A further area of interest pertains to the expanding scope of robotic bronchoscopy. While initially designed for diagnostic access to peripheral lung nodules, the platform is increasingly used for mediastinal staging and interventional applications, and has demonstrated the feasibility of accessing aortopulmonary lymph nodes (stations 5 and 6) via ION, regions traditionally considered beyond the reach of endobronchial approaches [
7]. As the clinical use of ION shifts from diagnostic to interventional procedures, predictive modeling will become increasingly valuable for identifying optimal candidates for complex or extended interventions. Likewise, provided proof of concept for ION-guided laser ablation [
24]. These reports illustrate the trajectory of robotic bronchoscopy from a diagnostic to a therapeutic tool. Within this paradigm shift, predictive modeling assumes even greater relevance. Anticipating procedural complexity and success in staging or ablative interventions could inform preoperative planning, optimize patient selection, and reduce unnecessary diagnostic delays.
Machine learning itself represents a frontier still being explored within the field of interventional pulmonology. The ability of ML to incorporate diverse, multidimensional inputs—ranging from radiologic features to intraoperative decision points—and synthesize them into predictive outputs opens a new chapter in procedural medicine. ML has already demonstrated value in predicting radiation exposure, tissue adequacy, and sampling yield in other settings [
16,
23]. In our application, ML models suggested that lesion diameter was the dominant contributing feature, although predictive performance remained moderate. These patterns would have been difficult, if not impossible, to detect through univariate or even multivariable linear models.
Limitations
This study acknowledges the limitations that must be considered when interpreting the findings.

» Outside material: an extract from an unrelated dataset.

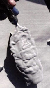 - A smaller spray-gun was used to achieve a granular spray coat of white porcelain enamel. I used approximately 20-25 lbs. of air pressure with an adjustable air compressor. A low pressure is required to achieve the build up of enamel grains while avoiding blowing them loose. The spray-gun should be over a foot away from the enamel art. It was necessary to begin spraying, using a light spray from a low angle toward the top of the art piece to establish the texture to be built up with additional spray layers; this angle also suggested a light source, as the indented areas received less build-up, suggesting shadows. I built-up thickness by slightly drying each layer between sprays, stopping short of too much build-up indicated by grains breaking off.

First and foremost, the retrospective design inherently limits inferential power and is susceptible to information bias, particularly in contexts where clinical documentation is relevant and data are inconsistent or incomplete. The absence of a predefined sample size calculation and the use of a complete-case analysis may limit the robustness of the findings and introduce potential selection bias. In addition, the lack of operator-level variables and the absence of a comparator group using non-robotic techniques further limit the interpretability of the findings.

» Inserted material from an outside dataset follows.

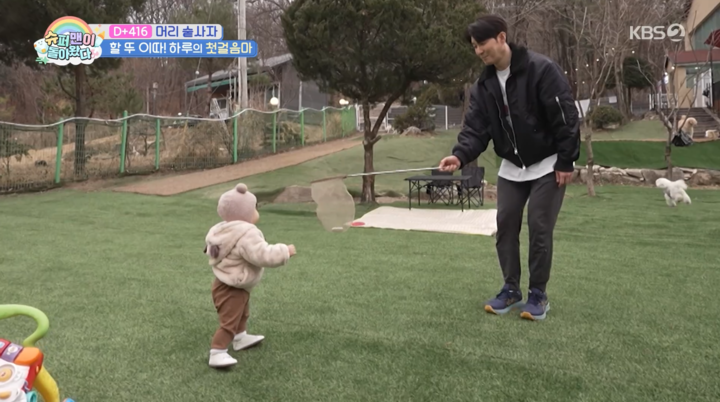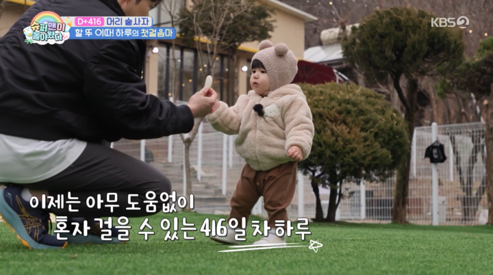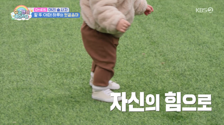 25일 방송된 KBS 2TV 예능 프로그램 ‘슈퍼맨이 돌아왔다’(이하 ‘슈돌’) 614회 ‘아빠 체험하러 왔습니다!’ 편에서는 생후 14개월 된 하루가 애견카페를 방문해 걸음마 맹훈련을 펼치는 모습이 담겼다.

Second, although the diagnostic yield was relatively high at 77.3%, class imbalance may have impacted the calibration and sensitivity of the classification model. Metrics such as ROC-AUC and accuracy may overrepresent performance by favoring the majority class.
Third, the relatively small sample size limited both statistical power and the model’s generalizability. While machine learning techniques such as gradient boosting were employed to explore potential nonlinear relationships, the dataset lacked the diversity and volume typically required to train robust predictive algorithms. No sensitivity analysis was performed to assess the impact of missing data, which may affect the robustness of the findings.
Finally, the absence of external validation and the data’s single-center origin limit the broader applicability of the findings.